How can I develop a high-throughput screening system for pncB inhibitors or enhancers?

Developing high-throughput screening systems for pncB modulators involves multiple methodological considerations:

• Assay development:

  • Spectrophotometric assays monitoring absorbance changes

  • Fluorescence-based approaches for increased sensitivity

  • Coupled enzyme assays with fluorogenic or chromogenic readouts

  • Assay miniaturization for 384 or 1536-well formats

• Screening library considerations:

  • Natural product collections (microbial extracts, plant compounds)

  • Focused libraries targeting NAD metabolism enzymes

  • Fragment-based approaches for initial hits

  • In silico pre-screening based on available structural information

• Screening workflow design:

  Stage	Approach	Throughput	Purpose
  Primary	Single concentration (10-20 μM)	High (10,000+ compounds)	Initial hit identification
  Secondary	Dose-response curves	Medium (500-1000 compounds)	Potency assessment
  Tertiary	Orthogonal assays	Low (50-100 compounds)	Confirmation and specificity
  SAR studies	Analog testing	Very low (10-20 series)	Structure optimization

• Counter-screening strategies:

  • Testing against mammalian NAPRT to identify selective compounds

  • Evaluation of general cytotoxicity

  • Exclusion of pan-assay interference compounds (PAINS)

• Hit validation approaches:

  • Enzyme kinetic studies to determine inhibition mechanisms

  • Thermal shift assays to confirm direct binding

  • Surface plasmon resonance for binding affinity determination

  • Crystallographic studies of enzyme-inhibitor complexes

These approaches provide a comprehensive framework for identifying and characterizing compounds that modulate pncB activity for research or therapeutic applications.

What are the key considerations for engineering pncB for enhanced catalytic properties?

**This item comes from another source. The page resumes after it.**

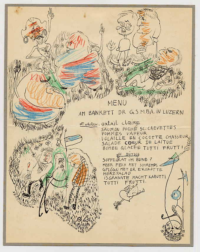 Originalzeichnungen Clenin, Walter (1897-1988; Maler). Folge von 16 Originalzeichnungen (davon 3 koloriert). Verschiedene Formate. Auf 13 Kartonblätter montiert. In Halbleinenmappe. Walter Clénin verbrachte seine Jugend in Tschugg bei Erlach. Die Eltern – als Lehrerin und Lehrer tätig – zogen 1911 nach Wabern bei Bern. 1913-14 Besuch der Gewerbeschule in Bern. Der Plan, an die Rijksakademie nach Amsterdam zu gehen, wurde durch den Krieg vereitelt. 1914-15 Ecole des Beaux-Arts in Genf. 1917 Rekrutenschule und Aktivdienst im Jura. Erkrankte 1918 an der Grippe. Nach dem Krieg Reisen nach München, Wien, Paris, nach Italien und Tunesien. Heirat mit Hannuscha von Harten, Tochter eines nach Bern emigrierten russischen Staatsministers. Auftragsporträts für Theologieprofessor Albert Schädelin und Regierungsrat Leo Merz. Öffentlicher Auftrag für das Wandbild Singende Kinder im Schulhaus Laubegg in Bern 1923-24. Der 1925 in der Ausstellung Schweizer Kunst in Karlsruhe ausgestellte Entwurf des Bildes führte zur Wettbewerbseinladung für die Ausmalung des Audienzsaales im Bundesgericht in Lausanne; der sechsteilige Zyklus Das Volk im Rechtsstaat und Engel des Jüngsten Gerichts gelangten 1929-1933 zur Ausführung. 1934 Rückzug auf die Festi in Ligerz, wo sich Ende der 20er Jahre eine Künstlerkolonie um Ferdinand und Elsi Giauque gebildet hatte. Zum Freundeskreis gehörten Traugott Senn und Jakob Probst. Eine Gemeinsamkeit stellten die Marionetten-Inszenierungen dar. Wandbildaufträge für die Aula der Universität Bern 1934 und für den Schweizer Pavillon an der Weltausstellung in Paris 1937. Es folgten 1940-47 Wandbilder für Schulen und Aufträge für das Bundesbriefarchiv in Schwyz und 1943-1953 für das Wohlfahrtshaus der Maschinenfabrik Bührle. 1945-1956 lebte Clénin in Biel. Aufträge für Kirchgemeindehäuser und Kirchen im Kanton Bern. 1956 wurde er als Professor für architekturbezogene Malerei und Wandmaltechnik an die Rijksakademie in Amsterdam berufen. 1966 Rückkehr in die Schweiz mit seiner zweiten Frau Christine van den Ende. Aktiv in der Heimatschutz- und Denkmalpflegeberatung, unter anderem in Aarberg. Die bisher einzige monografische Ausstellung wurde 1983 durch den Kunstverein Biel organisiert. (vgl. Andreas Meier in SIKART).

Engineering pncB for enhanced catalytic properties requires strategic approaches based on mechanistic understanding:

• Target properties for enhancement:

  • Catalytic efficiency (kcat/Km)

  • Substrate specificity

  • pH or temperature stability

  • Resistance to inhibition

  • Altered co-factor requirements

• Engineering strategies:

  Approach	Methodology	Advantages	Challenges
  Rational design	Site-directed mutagenesis	Target-specific changes	Requires structural knowledge
  Semi-rational	Saturation mutagenesis of hotspots	Explores sequence space around known sites	Medium-sized libraries
  Directed evolution	Random mutagenesis, DNA shuffling	No structural knowledge needed	Large library screening required
  Computational design	In silico modeling and prediction	Reduces experimental burden	Accuracy limitations

• Implementation using Agrobacterium recombineering:

  • Leverage RecET-like systems for precise genomic modifications

  • Use the tetracycline-inducible promoter (P tet) for controlled expression

  • Design appropriate selection strategies for improved variants

• Screening and characterization:

  • Development of high-throughput activity assays

  • Thermal stability assessment

  • Structural characterization of improved variants

  • Comparative kinetic analysis

• Validation in relevant conditions:

  • Performance under physiological conditions

  • Activity in the presence of potential inhibitors

  • Long-term stability assessments

These approaches provide a framework for developing pncB variants with enhanced properties for biotechnological applications or research tools.